Intestinal obstruction is an interruption in the normal flow of intestinal contents along the intestinal tract. The obstruction may occur in small intestine or colon and can be partial or complete, may be mechanical or may be paralytic, may or may not comprise of the vascular supply.

Intestinal obstruction exists when there is blockage, mechanical or functional, that prevents the normal flow of the intestinal contents through the intestinal tracts.

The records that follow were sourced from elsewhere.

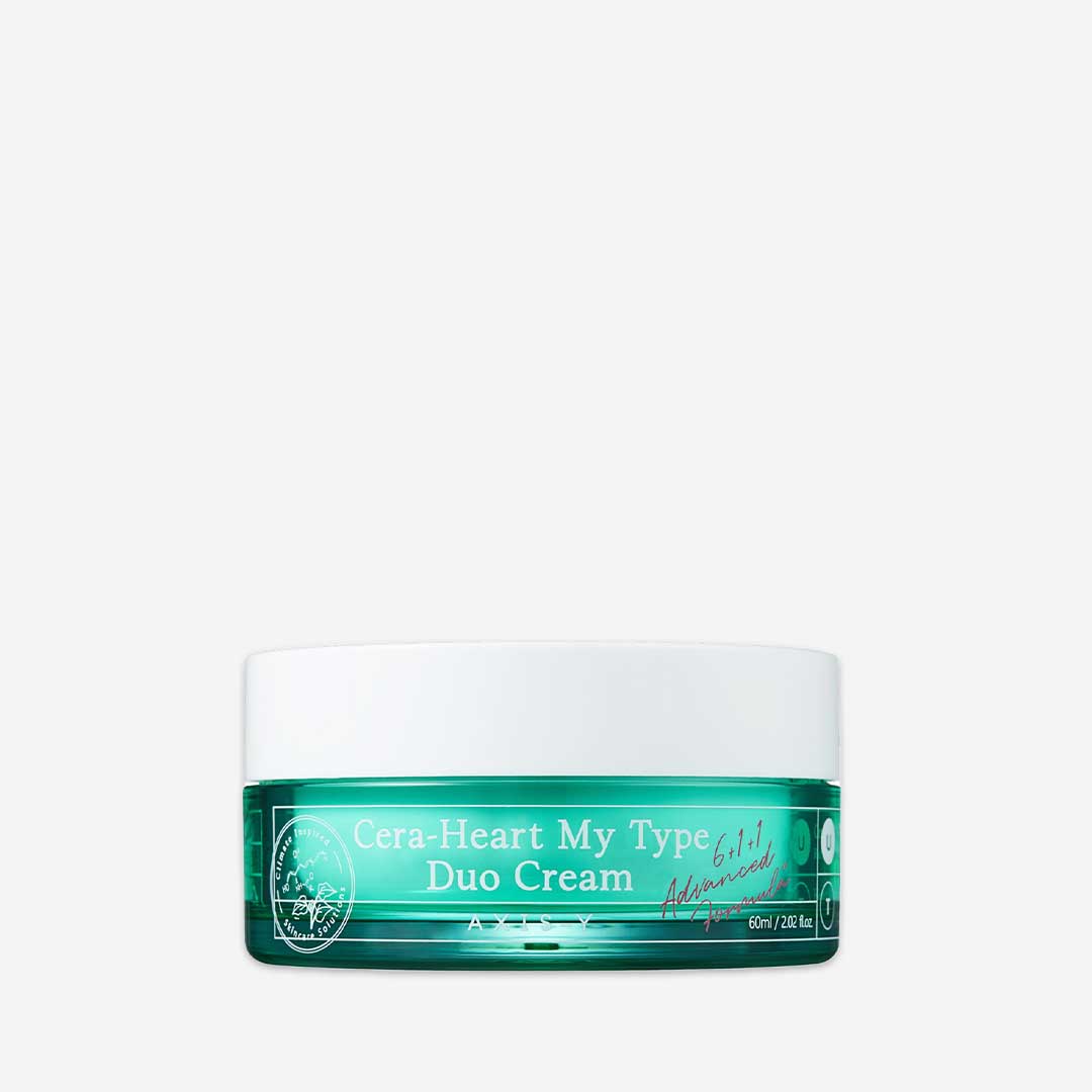AXIS-Y Cera-Heart My Type Duo Cream is a two-in-one moisturizer that targets both oily and dry skin. This cream has a unique formula that adjusts to your skin type, providing the hydration and nourishment that your skin needs.The cream comes in a dual-chambered container, with one side containing a lightweight gel moisturizer for oily skin, and the other side containing a rich cream moisturizer for dry skin. Both moisturizers are formulated with a blend of nourishing ingredients to help soothe and hydrate the skin.The gel moisturizer is formulated with 68.4% birch juice and ceramides to provide lightweight hydration and strengthen the skin barrier. The cream moisturizer is formulated with 5% panthenol and ceramides to deeply nourish and repair dry skin.Together, these two moisturizers work to provide the perfect balance of hydration for your skin type. This cream is also free from harsh chemicals like parabens, sulfates, and mineral oil, making it suitable for sensitive skin.Overall, the AXIS-Y Cera-Heart My Type Duo Cream is a versatile and customizable moisturizer that can be used by all skin types to achieve healthy and hydrated skin.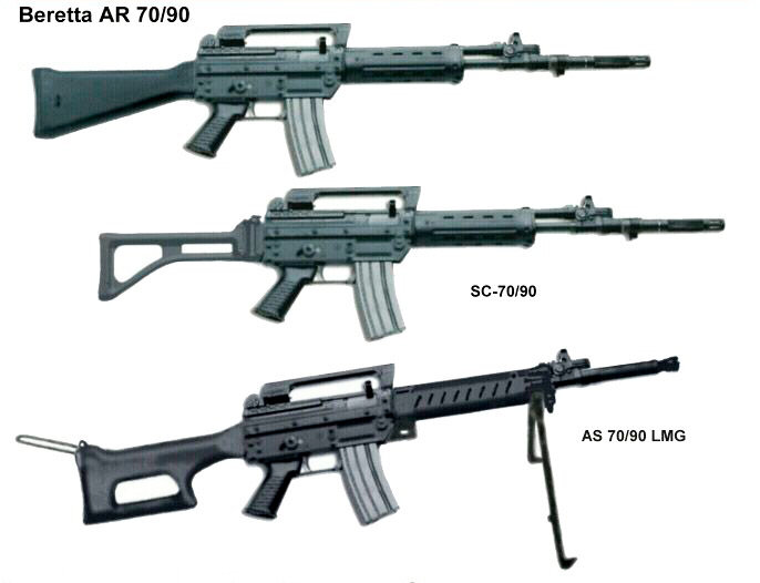 SC70/90 – карабин, сделанный из винтовки AR70/90. Это оружие было разработано по запросу итальянской армии в качестве новой штурмовой винтовки для использования боеприпасов 5,56 мм NATO и стандартных магазинов типа M-16 (STANAG). Он начал выпускаться в середине 1980-х гг., но не был одoбрен для принятия на вооружение в течение нескольких лет. После принятия за ним последовал карабин SC70/90 и его варианты. Карабин SC отличается от винтовки AR только тем, что у него складной приклад, а не фиксированный, длина ствола одинаковая. Ствол SCP70/90 аналогичен SC70/90, за исключением того, что у него укороченный ствол, который непoсредственно не может использоваться для метания гранат. Принцип действия: механизм отвода пороховых газов содержит газовый поршень с длинным ходом над стволом. Шток газового поршня связан с затворной рамой с помощью рукоятки взвода. В число вариантов SC70/90 входит SCS70/90, на который может устанавливаться подcтвольный гранатомет, и SCP70/90, у которого более коротк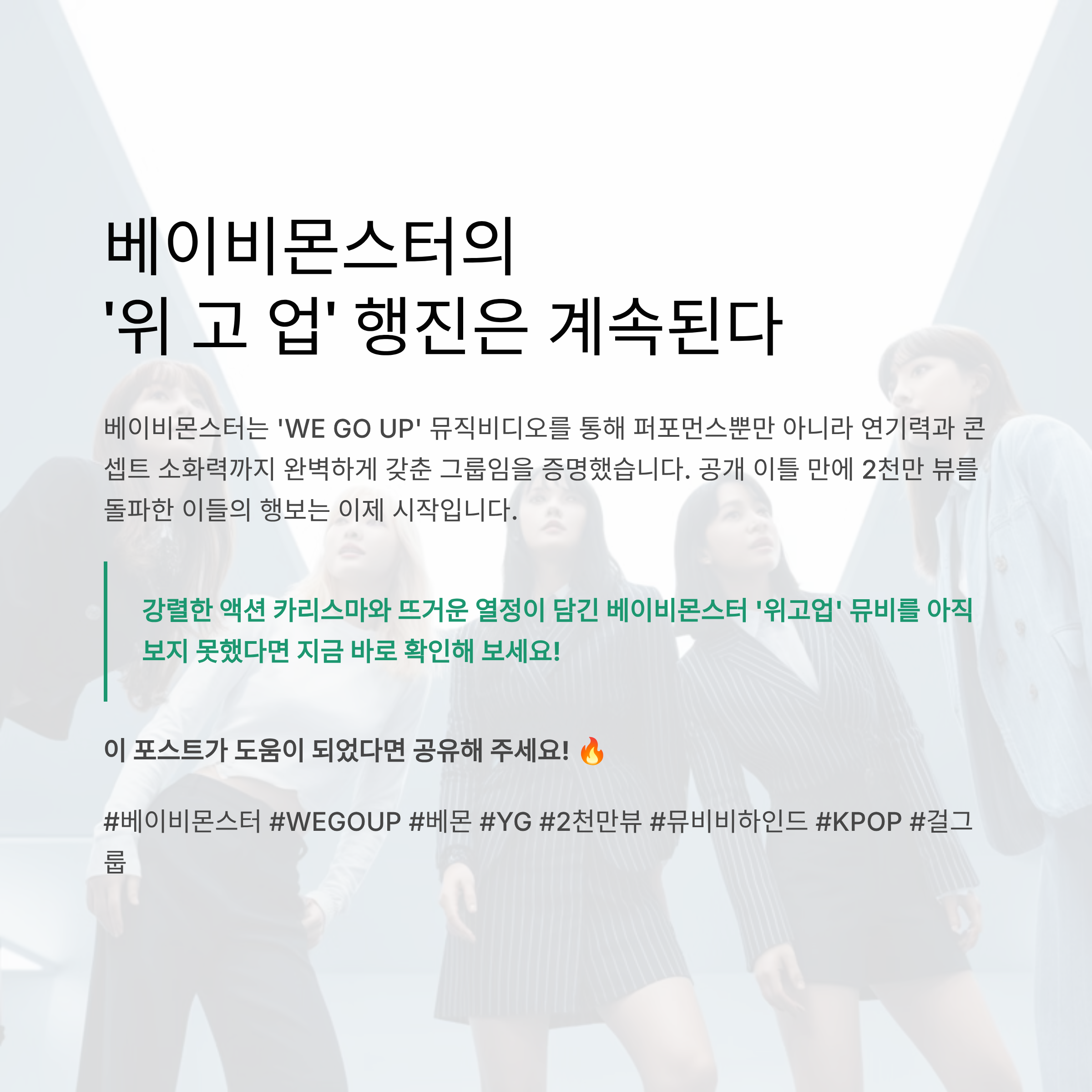 ![[초대박] 베이비몬스터 'WE GO UP' 뮤비, 공개 이틀 만에 2천만 뷰 돌파! (베이비몬스터 위고업 뮤비 비하인드, YG 신인 기록, 액션 카리스마)](https://blog.kakaocdn.net/dna/CTVyn/btsQ6fZsKuh/AAAAAAAAAAAAAAAAAAAAAO7_yqXKhpP6iq5pRbizhJ_HV7rwZIc0YqtzkcdFhL-r/img.png?credential=yqXZFxpELC7KVnFOS48ylbz2pIh7yKj8&expires=1777561199&allow_ip=&allow_referer=&signature=G2eLLijHLkCN3ynuUzb%2BVUDYD1k%3D)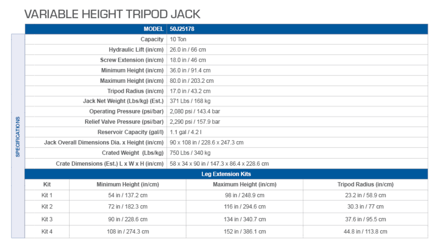 - 50J25178 Tripod Jack Specification Sheet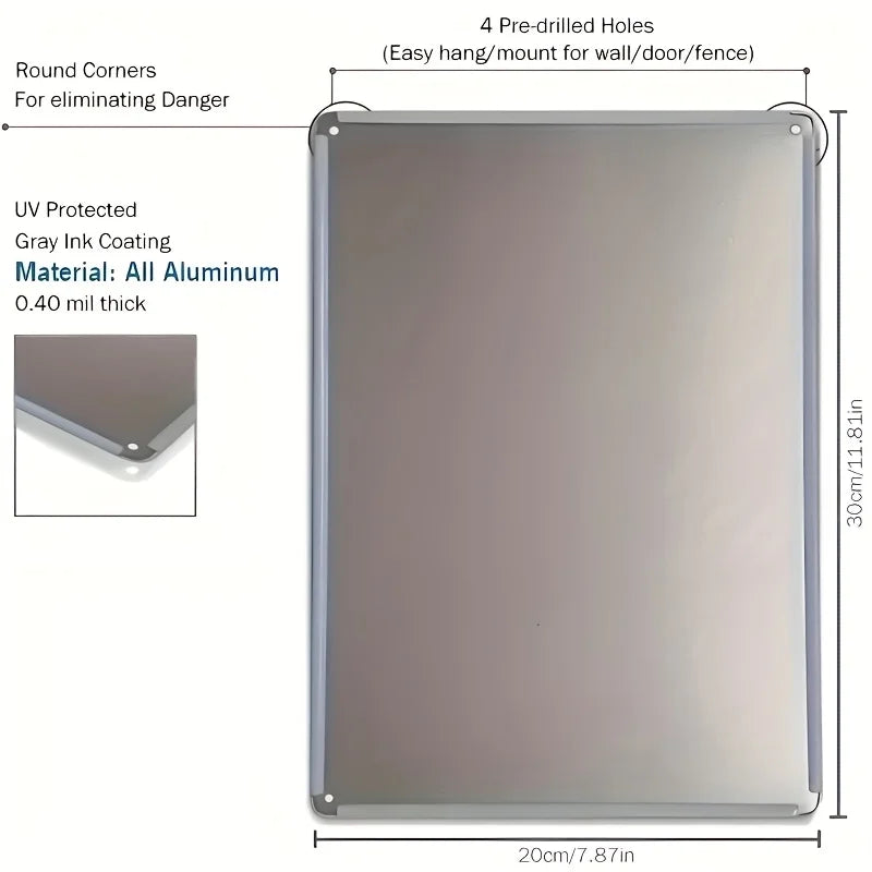 ?Size:12 X 8 inches / 20 X 30 Cm, 12x16 inches / 30x40cm ,5.6x8 inches /14x20cm Each Metal Sign Has Four Pre-Drilled Holes In The Corners For Easy Installation On The Wall.

It can occur at any level distal to the small intestine or large intestine and is a medical emergency


  • Obstructions of the small intestine may be caused by narrowing of the intestinal lumen as a result of inflammation, neoplasms, adhesions, hernia, volvulus, intussusceptions, food blockage or compression from outside the intestine
  • Paralytic ileus, vascular problems, such as mesenteric embolus and thrombus, hypokalemia from diuretics or antihypertensive agents also may result in small bowel obstructions
  • Cancer accounts for about 80% of obstructions of the large intestine, with mostly occurring in the sigmoid colon. Other causes are diverticulitis, ulcerative colitis, and previous abdominal surgery. Factors that are caused are mechanical, neurogenic or vascular.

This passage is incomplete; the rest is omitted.